Hello all! Long time lurker, first time poster... I guess I have always gotten the answer to my questions through searching previous threads, but I have come across an issue that (although has been addressed) I haven't found a conclusive answer to. I shoot field and I know that you should set up your peep around 50 yards. My question is, when you move your scope down to say 80 yards, do you alter your anchor point so the scope is centered in the peep, or do you keep your anchor solid and just have the center of your scope down in the bottom of what you see through the peep. I'm wondering what do you do, and what do the pros do? (I know "what do the pros do?" is a deadly question around here). I personally have been keeping the scope centered and have a somewhat weak facial anchor as a result because its always changing slightly. I also use a fairly small peep hole (3/64") so I can barely see the scope housing. Should I go bigger if the answer is to anchor solid? As a side note, when i calibrated my site marks using OnTarget2 I got what I thought to be a pretty fast arrow speed for my setup. Could this be because I'm changing my anchor slightly? Any help would be most appreciated. And thanks for all the help I've already gotten on this site!

-Emerson


----------



## wolfman_73 (Mar 7, 2005)

Im the same as you, i set up my peep with a 40 yard zero, scrunch up a hair at 20 and stretch a hair at 60. Since thats the majority of the shots, thats what i set up for, and let my anchor float just a bit at the 70+ shots. I have come to the conclusion that my DL may be just a tad long (1/8"-1/4") but i havent been able to adjust it down to see the difference yet. Should make for a little less float, at least in my mind it makes sense lol. But yeah i do center the scope housing in the peep, just more accurate than tryin to center a pin imo.

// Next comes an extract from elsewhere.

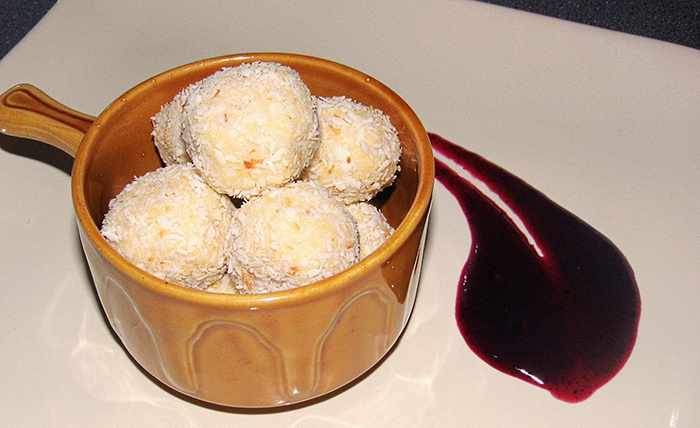 Ten fioletowy sos to coulis z czarnych jagód i czerwonych porzeczek. Owocowe dodatki świetnie komponują sie z tymi, pysznymi, ale bardzo słodkimi kulkami.

Remember OT2 is only a reference, and there are many factors that go into figuring arrow speed. I know some guys are really close to gettin the correct speed, and some are way off. I'm not sure if its the whole 'gargabe in, garbage out' thing or whats going on, i havent chronod mine to see how close it is cuz honestly i dont worry too much, i know im under 280 which is all that matters. And i can get 105 yard out of my sight before fletch contact becomes apparent.

And welcome to AT


----------



## Kade (Jan 11, 2011)

I'd you don't adjust your anchor your going to either miss out the top or miss out the bottom depending on where your scope is in your peep. 

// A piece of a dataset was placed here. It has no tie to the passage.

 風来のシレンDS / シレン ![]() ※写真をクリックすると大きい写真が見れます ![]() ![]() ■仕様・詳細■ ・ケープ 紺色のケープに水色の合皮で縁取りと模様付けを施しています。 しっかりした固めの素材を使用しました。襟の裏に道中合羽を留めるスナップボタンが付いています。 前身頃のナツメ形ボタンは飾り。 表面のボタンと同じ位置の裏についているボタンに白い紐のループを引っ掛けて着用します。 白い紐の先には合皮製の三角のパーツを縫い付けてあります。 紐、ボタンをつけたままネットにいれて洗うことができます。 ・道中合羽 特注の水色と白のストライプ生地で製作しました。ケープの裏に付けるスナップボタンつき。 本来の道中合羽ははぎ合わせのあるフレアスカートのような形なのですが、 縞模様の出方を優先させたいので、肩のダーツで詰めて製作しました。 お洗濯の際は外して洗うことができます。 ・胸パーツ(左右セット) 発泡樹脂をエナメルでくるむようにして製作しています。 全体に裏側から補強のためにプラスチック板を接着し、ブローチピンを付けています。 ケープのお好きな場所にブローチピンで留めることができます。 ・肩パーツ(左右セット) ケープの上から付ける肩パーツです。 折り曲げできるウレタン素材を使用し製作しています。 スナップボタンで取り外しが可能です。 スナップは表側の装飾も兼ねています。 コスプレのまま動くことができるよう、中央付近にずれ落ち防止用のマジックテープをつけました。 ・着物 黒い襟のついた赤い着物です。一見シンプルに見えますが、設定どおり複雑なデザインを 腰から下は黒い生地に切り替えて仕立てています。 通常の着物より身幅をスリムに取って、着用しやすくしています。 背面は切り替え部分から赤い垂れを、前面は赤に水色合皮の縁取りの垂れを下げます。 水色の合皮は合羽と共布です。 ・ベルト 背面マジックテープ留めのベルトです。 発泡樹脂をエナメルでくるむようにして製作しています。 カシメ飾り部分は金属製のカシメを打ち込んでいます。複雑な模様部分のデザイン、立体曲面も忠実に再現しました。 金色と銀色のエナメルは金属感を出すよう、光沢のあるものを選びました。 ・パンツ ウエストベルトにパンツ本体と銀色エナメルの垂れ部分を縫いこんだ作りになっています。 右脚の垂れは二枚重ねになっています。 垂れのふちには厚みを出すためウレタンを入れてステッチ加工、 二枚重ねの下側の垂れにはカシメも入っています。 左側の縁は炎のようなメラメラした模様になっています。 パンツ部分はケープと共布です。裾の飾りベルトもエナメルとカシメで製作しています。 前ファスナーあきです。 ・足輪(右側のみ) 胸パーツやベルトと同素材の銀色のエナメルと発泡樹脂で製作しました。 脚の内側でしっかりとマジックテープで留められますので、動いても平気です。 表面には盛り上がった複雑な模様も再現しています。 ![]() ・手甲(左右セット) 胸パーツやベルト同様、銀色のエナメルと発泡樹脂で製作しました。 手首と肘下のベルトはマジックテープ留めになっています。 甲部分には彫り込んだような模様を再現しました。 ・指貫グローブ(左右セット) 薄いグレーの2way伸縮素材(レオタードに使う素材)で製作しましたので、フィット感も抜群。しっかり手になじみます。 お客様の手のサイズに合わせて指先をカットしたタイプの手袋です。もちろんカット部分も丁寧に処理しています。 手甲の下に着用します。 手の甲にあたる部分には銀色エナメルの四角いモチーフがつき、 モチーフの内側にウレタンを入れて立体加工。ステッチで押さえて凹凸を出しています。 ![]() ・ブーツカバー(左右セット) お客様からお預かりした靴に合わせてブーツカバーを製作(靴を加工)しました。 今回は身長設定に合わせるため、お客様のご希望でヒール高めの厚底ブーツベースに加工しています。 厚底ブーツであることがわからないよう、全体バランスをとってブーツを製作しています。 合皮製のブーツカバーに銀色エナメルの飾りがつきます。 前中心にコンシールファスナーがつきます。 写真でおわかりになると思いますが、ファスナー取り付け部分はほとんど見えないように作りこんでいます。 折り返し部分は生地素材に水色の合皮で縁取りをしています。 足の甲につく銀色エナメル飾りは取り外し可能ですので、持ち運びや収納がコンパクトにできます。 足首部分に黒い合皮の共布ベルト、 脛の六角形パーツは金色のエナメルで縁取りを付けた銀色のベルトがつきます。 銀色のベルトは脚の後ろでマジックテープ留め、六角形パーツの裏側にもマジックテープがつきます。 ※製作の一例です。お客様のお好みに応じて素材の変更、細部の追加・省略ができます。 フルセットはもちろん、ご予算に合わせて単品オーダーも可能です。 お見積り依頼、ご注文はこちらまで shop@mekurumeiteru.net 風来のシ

Your anchor has to float or move slightly. 


Sent from my iPhone using Tapatalk


----------



## SCarson (Apr 13, 2008)

EmersonL said:


> ... when you move your scope down to say 80 yards, do you alter your anchor point so the scope is centered in the peep, or do you keep your anchor solid and just have the center of your scope down in the bottom of what you see through the peep. ...


The answer for me is NEITHER. I use the same anchor and center the scope in the peep at ALL distances. If I leave the scope high or low in teh peep, POI is off accordingly. Same with anchor piont.


----------



## TNMAN (Oct 6, 2009)

SCarson said:


> The answer for me is NEITHER. *I use the same anchor and center the scope in the peep at ALL distances.* If I leave the scope high or low in teh peep, POI is off accordingly. Same with anchor piont.


No offense, but that would be difficult to do if you are using a moveable site. Are you sure your anchor is not a little looser at 80 and tighter at 20? Pretty sure it works that way for me anyway.


----------



## Kade (Jan 11, 2011)

TNMAN said:


> No offense, but that would be difficult to do if you are using a moveable site. Are you sure your anchor is not a little looser at 80 and tighter at 20? Pretty sure it works that way for me anyway.


Yep have to agree. It's impossible to have the same anchor an do this without moving your peep. If your centering your peep your anchor is moving slightly. 


Sent from my iPhone using Tapatalk


----------